We had an interesting week in the markets and the last two days were spent on consolidation in the upper end of the profile after the big trend day on 1st of March.
In many ways the big trend day was a game changer and the structure still holds value upwards as long as the region of 5470-82 is protected in the short term.
But let’s step away from the short term and let’s see what the markets are doing over the mid-term with probabilities for the long term scenario.
Here is a weekly chart of the Nifty spot.
It’s a weekly bar chart stretching back to 2250 levels, but for purpose of clarity I have chosen to highlight only the last one year of bars.
If you have been following the markets closely, you would have noted the markets coming back to and falling off from this region where we have closed yesterday.

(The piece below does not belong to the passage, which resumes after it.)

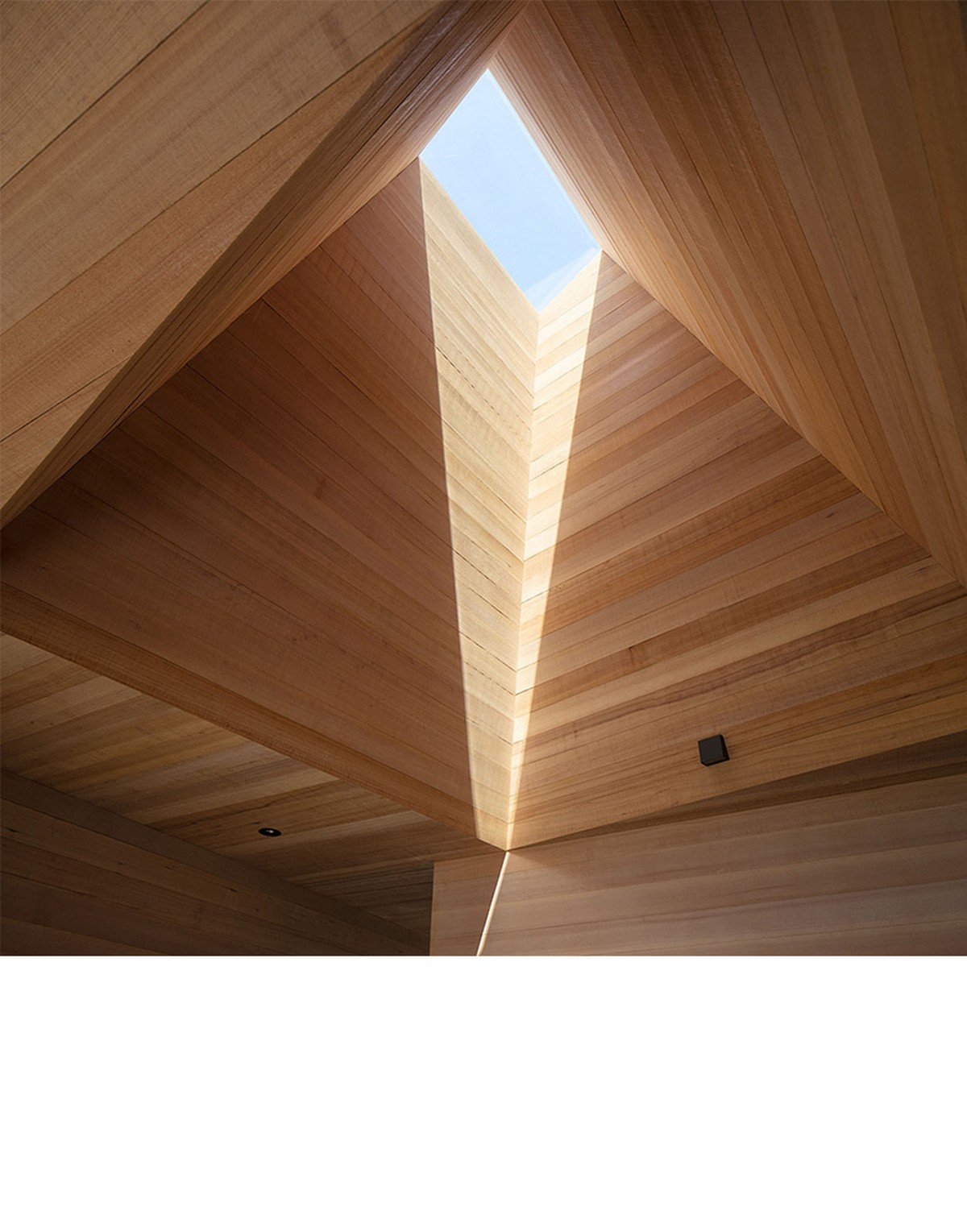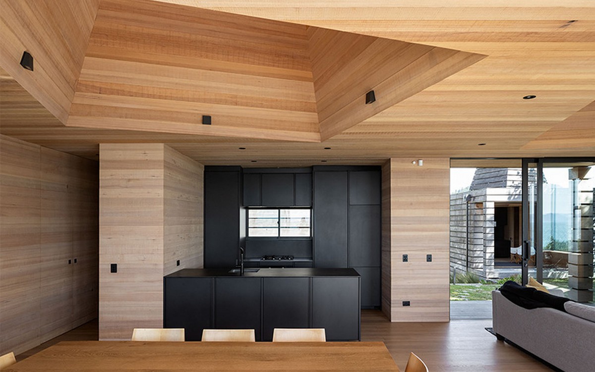 This timber, imbued with the colours of the coast, is contrast to the rich and highly crafted light timber interior of the house.

On a monthly time frame, this area ( point 1) is the high value zone for the entire up move from 2252 to 6338 and there is good reason to believe that if we close march series above this level we will be back on our ways to previous highs and maybe more.
Also around this zone is the developing weekly value ( point 2 at 5524) for the downtrend which has been in place from November last year.
So for the medium term, if we cross these levels (5550) , it should bring 5900 ( point 4) eventually.
Let’s turn to the short term profile.
We’ll look at the march future.
The profile chart shows :
a) a seller at the top near 5610 levels. This seller on 18th Feb at the same level had dropped the market to 5230 by the 25th ( one week)
b) short term support is 5472-93 below which we will see 5377/ 5340.
c) If the single print and 5646 is taken out, this market can race upto 5805 in no time.